Are perennially rocky relations between South Korea and its former colonizer Japan in the midst of a thaw? That has been the suggestion in various media since the first official talks Monday between South Korean President Park Geun-hye and Japanese Prime Minister Shinzo Abe.
Despite their countries’ close geographic and cultural proximity, the leaders hadn’t formally met one-on-one since taking power, a result of a tense standoff over historical and territorial disputes. At the talks, Park and Abe agreed to work toward a solution to the most contentious of these issues, that of the “comfort women,” the euphemistic term for Korean and other women coerced into prostitution by imperial Japan. South Korea has long demanded compensation and a sincere apology for the victims, while Japan has argued the matter was settled by a 1965 normalization treaty that included monetary restitution and an apology in the early 1990s.

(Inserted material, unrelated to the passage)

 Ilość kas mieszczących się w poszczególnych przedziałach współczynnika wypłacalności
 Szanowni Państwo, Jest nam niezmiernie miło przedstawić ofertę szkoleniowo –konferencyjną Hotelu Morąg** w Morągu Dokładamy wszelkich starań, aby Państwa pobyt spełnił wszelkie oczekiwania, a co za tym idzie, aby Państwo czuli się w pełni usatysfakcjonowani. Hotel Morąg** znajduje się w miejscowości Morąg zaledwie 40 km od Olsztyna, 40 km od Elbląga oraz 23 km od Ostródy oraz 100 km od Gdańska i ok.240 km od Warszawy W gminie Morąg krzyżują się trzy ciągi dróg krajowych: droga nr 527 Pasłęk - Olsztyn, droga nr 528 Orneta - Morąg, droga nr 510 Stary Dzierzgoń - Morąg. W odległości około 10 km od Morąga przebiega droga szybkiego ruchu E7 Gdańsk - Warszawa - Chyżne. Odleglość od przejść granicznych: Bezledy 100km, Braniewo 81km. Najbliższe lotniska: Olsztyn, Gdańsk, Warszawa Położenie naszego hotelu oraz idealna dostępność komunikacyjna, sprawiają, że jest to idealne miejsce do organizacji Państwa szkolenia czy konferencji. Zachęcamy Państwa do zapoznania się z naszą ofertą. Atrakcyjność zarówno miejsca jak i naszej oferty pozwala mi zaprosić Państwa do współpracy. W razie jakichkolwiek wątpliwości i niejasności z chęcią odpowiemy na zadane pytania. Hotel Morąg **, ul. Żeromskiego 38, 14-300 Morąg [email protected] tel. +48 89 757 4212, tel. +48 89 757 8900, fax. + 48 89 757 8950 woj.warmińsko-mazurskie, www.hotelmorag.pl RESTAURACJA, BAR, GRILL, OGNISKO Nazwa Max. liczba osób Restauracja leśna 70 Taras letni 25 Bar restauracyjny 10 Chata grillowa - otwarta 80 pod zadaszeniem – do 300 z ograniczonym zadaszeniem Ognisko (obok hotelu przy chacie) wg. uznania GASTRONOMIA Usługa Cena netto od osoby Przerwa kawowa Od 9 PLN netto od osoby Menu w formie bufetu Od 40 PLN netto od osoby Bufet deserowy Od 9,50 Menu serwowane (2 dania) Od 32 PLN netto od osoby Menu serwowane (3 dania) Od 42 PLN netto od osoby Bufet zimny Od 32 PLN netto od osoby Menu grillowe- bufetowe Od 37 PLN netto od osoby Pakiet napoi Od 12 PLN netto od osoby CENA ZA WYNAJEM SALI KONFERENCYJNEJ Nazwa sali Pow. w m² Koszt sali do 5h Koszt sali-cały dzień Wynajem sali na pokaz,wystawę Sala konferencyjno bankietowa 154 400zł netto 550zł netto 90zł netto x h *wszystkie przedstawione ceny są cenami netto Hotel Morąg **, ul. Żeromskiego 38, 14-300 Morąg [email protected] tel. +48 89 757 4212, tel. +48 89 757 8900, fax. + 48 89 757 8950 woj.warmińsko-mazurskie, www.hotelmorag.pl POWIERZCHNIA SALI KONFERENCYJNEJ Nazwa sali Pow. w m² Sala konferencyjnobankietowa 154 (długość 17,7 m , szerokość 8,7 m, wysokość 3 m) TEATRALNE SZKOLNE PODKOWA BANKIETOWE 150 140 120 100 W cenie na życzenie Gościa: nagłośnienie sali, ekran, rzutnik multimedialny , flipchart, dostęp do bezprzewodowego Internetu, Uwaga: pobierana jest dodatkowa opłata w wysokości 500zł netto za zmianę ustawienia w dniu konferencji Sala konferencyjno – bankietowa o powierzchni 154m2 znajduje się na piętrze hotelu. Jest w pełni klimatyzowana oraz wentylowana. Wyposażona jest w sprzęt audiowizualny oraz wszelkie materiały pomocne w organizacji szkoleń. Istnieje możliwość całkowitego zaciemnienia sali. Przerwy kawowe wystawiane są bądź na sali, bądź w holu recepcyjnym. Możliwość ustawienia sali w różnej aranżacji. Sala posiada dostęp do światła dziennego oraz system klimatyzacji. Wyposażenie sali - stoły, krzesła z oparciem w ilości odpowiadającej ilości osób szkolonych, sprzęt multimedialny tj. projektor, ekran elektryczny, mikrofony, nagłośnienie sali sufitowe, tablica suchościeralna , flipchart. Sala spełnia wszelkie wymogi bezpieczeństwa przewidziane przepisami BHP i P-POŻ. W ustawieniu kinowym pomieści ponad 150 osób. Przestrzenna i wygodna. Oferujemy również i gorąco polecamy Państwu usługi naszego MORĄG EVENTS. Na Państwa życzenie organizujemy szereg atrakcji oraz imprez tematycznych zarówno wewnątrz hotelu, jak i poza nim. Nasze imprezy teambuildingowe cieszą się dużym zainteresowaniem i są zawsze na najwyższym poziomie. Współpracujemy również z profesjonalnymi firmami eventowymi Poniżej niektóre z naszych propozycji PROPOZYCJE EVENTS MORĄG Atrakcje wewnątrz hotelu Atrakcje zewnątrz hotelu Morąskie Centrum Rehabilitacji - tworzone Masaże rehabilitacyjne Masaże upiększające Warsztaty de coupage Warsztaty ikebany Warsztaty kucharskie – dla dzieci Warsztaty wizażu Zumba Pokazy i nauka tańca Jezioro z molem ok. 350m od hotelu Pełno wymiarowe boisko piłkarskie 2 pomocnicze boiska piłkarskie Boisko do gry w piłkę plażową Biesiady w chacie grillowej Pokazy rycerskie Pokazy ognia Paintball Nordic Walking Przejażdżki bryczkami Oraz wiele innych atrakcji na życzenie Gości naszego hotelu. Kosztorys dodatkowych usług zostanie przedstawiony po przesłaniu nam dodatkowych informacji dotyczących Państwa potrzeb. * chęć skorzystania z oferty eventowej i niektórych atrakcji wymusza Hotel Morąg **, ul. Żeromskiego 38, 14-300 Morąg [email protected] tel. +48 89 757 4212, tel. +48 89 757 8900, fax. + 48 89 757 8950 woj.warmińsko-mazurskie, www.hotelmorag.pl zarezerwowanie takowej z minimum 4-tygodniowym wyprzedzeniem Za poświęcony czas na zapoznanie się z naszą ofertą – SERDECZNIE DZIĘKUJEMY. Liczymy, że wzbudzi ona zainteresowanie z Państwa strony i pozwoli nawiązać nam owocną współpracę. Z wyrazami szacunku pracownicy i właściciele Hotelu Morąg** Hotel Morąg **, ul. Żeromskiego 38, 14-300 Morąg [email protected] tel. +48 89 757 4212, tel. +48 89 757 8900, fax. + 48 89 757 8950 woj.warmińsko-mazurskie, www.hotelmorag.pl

But while the meeting represents progress, a true warming of ties will require a shift in public attitudes in the two nations, said Robert E. Kelly, an associate professor of international relations at Pusan National University.
“Neither one of them are really dealing with the sort of structural issues below in their societies that sort of create the trouble between them,” Kelly told The Diplomat.
“That is why they’ve both got nationalistic textbooks; they’ve both got activated right-wing sectors that insist on keeping historical issues between the countries alive and well.”